# WTB: Pressurized CO2 setup



## Jaguar (Oct 19, 2011)

I'm new to pressurized CO2 so I'm looking for my first rig to get me going and last a few years.

I'd like at least a tank (5 or 10 lb) and a regulator, bonus for additional stuff like a reactor/diffuser.

I'm in Kelowna but will pay shipping for a reasonably priced setup if you're elsewhere.

Thanks


----------



## Diztrbd1 (Apr 21, 2010)

only one I know of currently for sale on here: http://www.bcaquaria.com/forum/fres...fs-complete-5lb-pressurized-co2-system-28340/


----------



## Mykiss (Apr 22, 2010)

PM sent.

I've got a brand new setup with a 5 pound hydrotested tank, etc...


----------



## Jaguar (Oct 19, 2011)

Hmm I don't think I could get to Richmond to pick that up (this would be so much easier if I could afford to drive)

Thanks Pat


----------



## 2wheelsx2 (Apr 21, 2010)

Jaguar said:


> Hmm I don't think I could get to Richmond to pick that up (this would be so much easier if I could afford to drive)
> 
> Thanks Pat


Pat ships.


----------



## Jaguar (Oct 19, 2011)

I know, the link that Diz posted said "pick up in Richmond"


----------



## Diztrbd1 (Apr 21, 2010)

oops I missed that....never hurts to ask though :bigsmile:


----------



## Mykiss (Apr 22, 2010)

PM sent with the shipping quote


----------



## Jaguar (Oct 19, 2011)

Thank you both 

bump


----------



## Jaguar (Oct 19, 2011)

Bump! Gotta get this tank in gear


----------



## Jaguar (Oct 19, 2011)

Bump... will buy regulator separate


----------



## Jaguar (Oct 19, 2011)

Bump... want to get my tank started already... lol


----------



## john59628 (Apr 9, 2012)

I have a fluval kit for sale, but I don't know how to get it to you. http://www.bcaquaria.com/forum/freshwater-equipment-classifieds-27/fs-fluval-co2-kit-29710/


----------



## vdub (Apr 22, 2010)

Jaguar said:


> I'm new to pressurized CO2 so I'm looking for my first rig to get me going and last a few years.
> 
> I'd like *at least a tank (5 or 10 lb) and a regulator*, bonus for additional stuff like a reactor/diffuser.
> 
> ...





john59628 said:


> *I have a fluval kit for sale*, but I don't know how to get it to you. http://www.bcaquaria.com/forum/freshwater-equipment-classifieds-27/fs-fluval-co2-kit-29710/


*I think he's looking for a much BIGGER setup.*


----------



## Jaguar (Oct 19, 2011)

She  And yes, looking for a full size lol. I am mostly in for a nice regulator build now... probably going to buy a tank local.


----------



## Jaguar (Oct 19, 2011)

got my reg - Victor VTS-250C w/ a Burkert 6011 solenoid and a Fabco Air NV-55.

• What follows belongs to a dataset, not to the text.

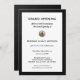 Elevar su gran celebración de apertura con nuestra elegante invitación a la gran apertura. Con un diseño clásico con un tipo de letra negro, un logotipo de sello dorado en personalizable y un elegante marco de impresión en textura negra, esta invitación marca el tono perfecto para el gran día de tu empresa. Simplemente personaliza con el nombre de tu empresa, los detalles de los eventos y la información de RSVP para crear una invitación memorable y sofisticada. Da una impresión duradera con este diseño atemporal.

Still looking for a tank, will pay to have one shipped if it's reasonable, I think they have to be sent empty though I think Greyhound will take em.


----------



## 2wheelsx2 (Apr 21, 2010)

Jaguar said:


> got my reg - Victor VTS-250C w/ a Burkert 6011 solenoid and a Fabco Air NV-55.
> 
> Still looking for a tank, will pay to have one shipped if it's reasonable, I think they have to be sent empty though I think Greyhound will take em.


Just get it from any welding shop. No need to ship. KMS Tools in Kelowna should have 5, 10, 20, even 100 lbs ones.  KMS Tools - Locations & Contact

Edit: Wow, just noticed you spared no expense (almost). Why didn't you get the Ideal instead of the Fabco? Don't get me wrong the Fabco is a great valve as I have 3 of them, but with the clams you laid down for the Victor dual stage and the Burkert solenoid, you might as well have gone whole hog. Oh and by the way, if you ever want to see it, let me know. I drive through Kelowna regularly.


----------



## Jaguar (Oct 19, 2011)

Sorry for the late response. I bought the reg prebuilt. Was $210 but I got dinged hard on a shipping mishap. Came in just under $300 after everything.

I have not actually bought a tank yet but I will be giving them a call tomorrow. Not sure how I'll be getting the cylinder home, I don't actually have a car... might be able to smuggle it on the bus in a large suit case or something. They wouldn't let me on if they saw it, even though every bus has a fire extinguisher right in the front. BC Transit (especially in Kelowna) has had some baaaaad stuff going down lately with the drivers.


----------